Repeat exactly the lines of the material below that run from the "The In The Moment" line to the "peak across samples" line, including both, and do not carry over any pictures.

_Data_
━━━━━━━━━━━━━━━━

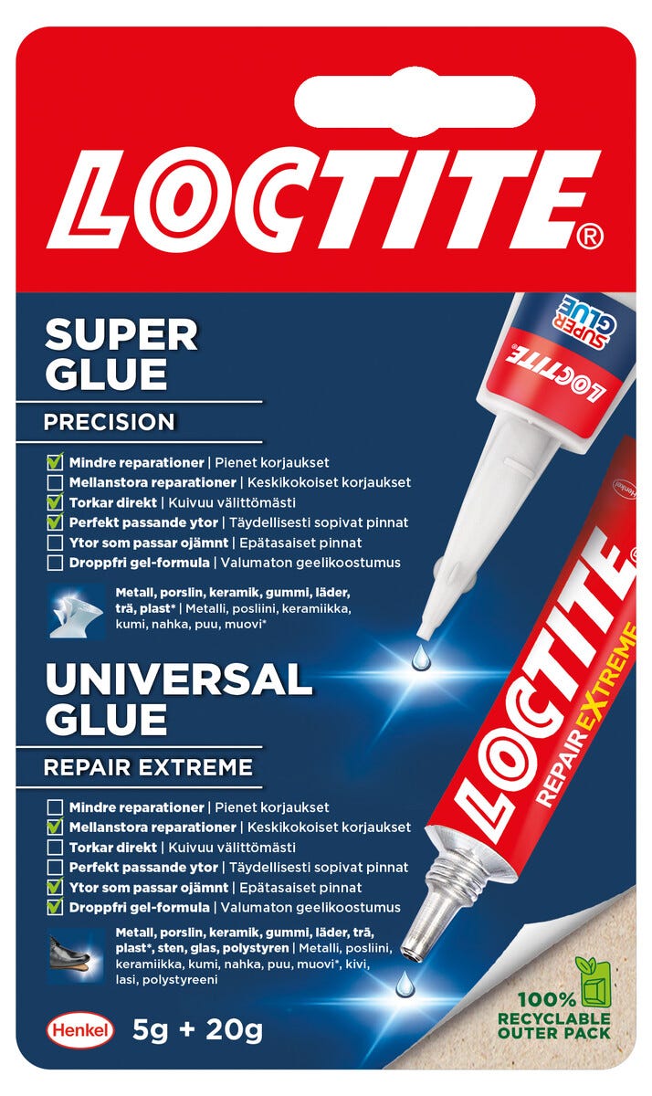 Loctite Duo Pack, superlim 5 g och universallim 20 g
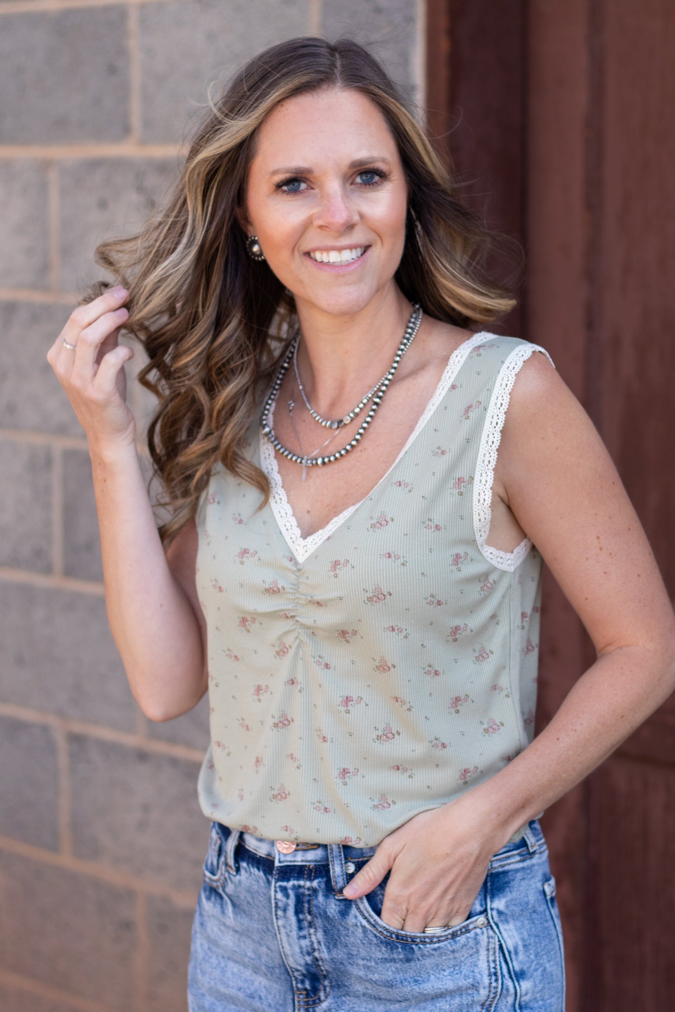 The In The Moment Floral Tank is one of those effortlessly pretty pieces you’ll reach for again and again. This sweet little tank features a classic ditsy floral print that feels timeless, feminine, and easy to style.
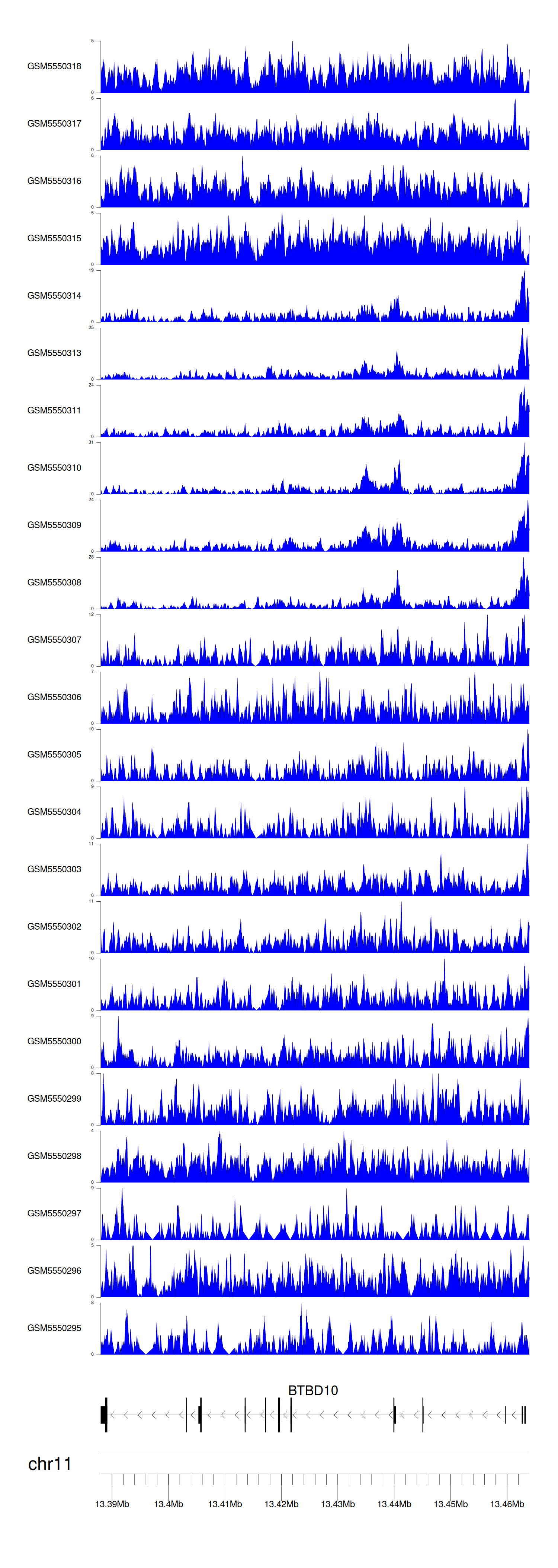 > Dataset: GSE143026 - BTBD10 peak across samples
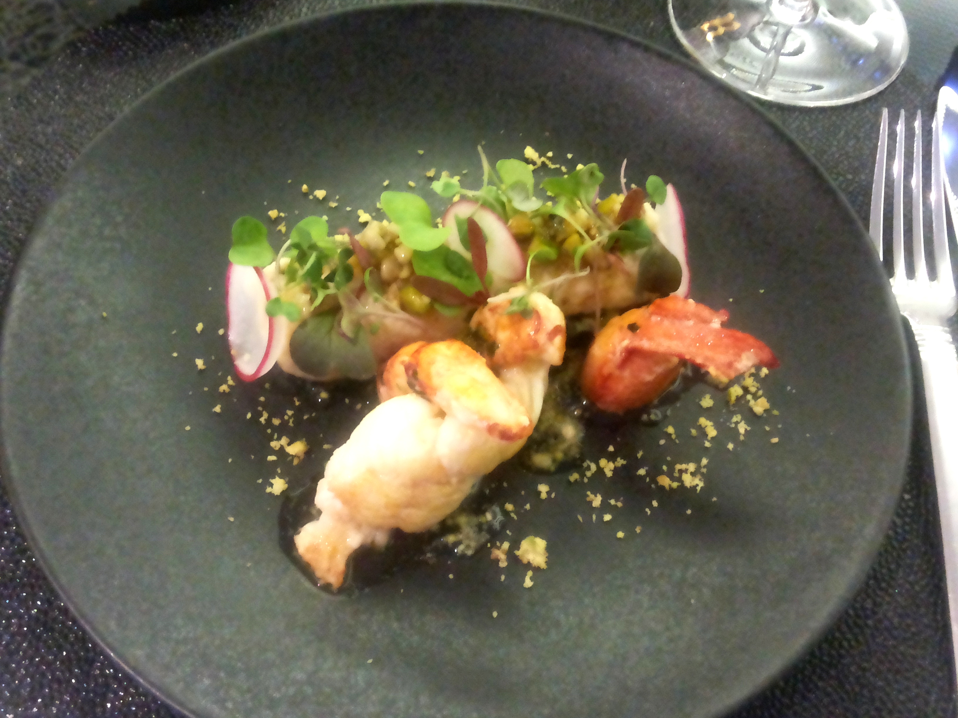 Verduritas sobre una góndola de puré, arroz en costra con gamba roja y una soberbia ensalada de bogavante de texturas delicadas y paladar auténtico. La propuesta de Mario Sandoval nos enamora. Merecidísima la estrella Michelín que ostenta en su restaurante de Humanes, Coque.

━━━━━━━━━━━━━━━━

_Your solution_
 The In The Moment Floral Tank is one of those effortlessly pretty pieces you’ll reach for again and again. This sweet little tank features a classic ditsy floral print that feels timeless, feminine, and easy to style.
 > Dataset: GSE143026 - BTBD10 peak across samples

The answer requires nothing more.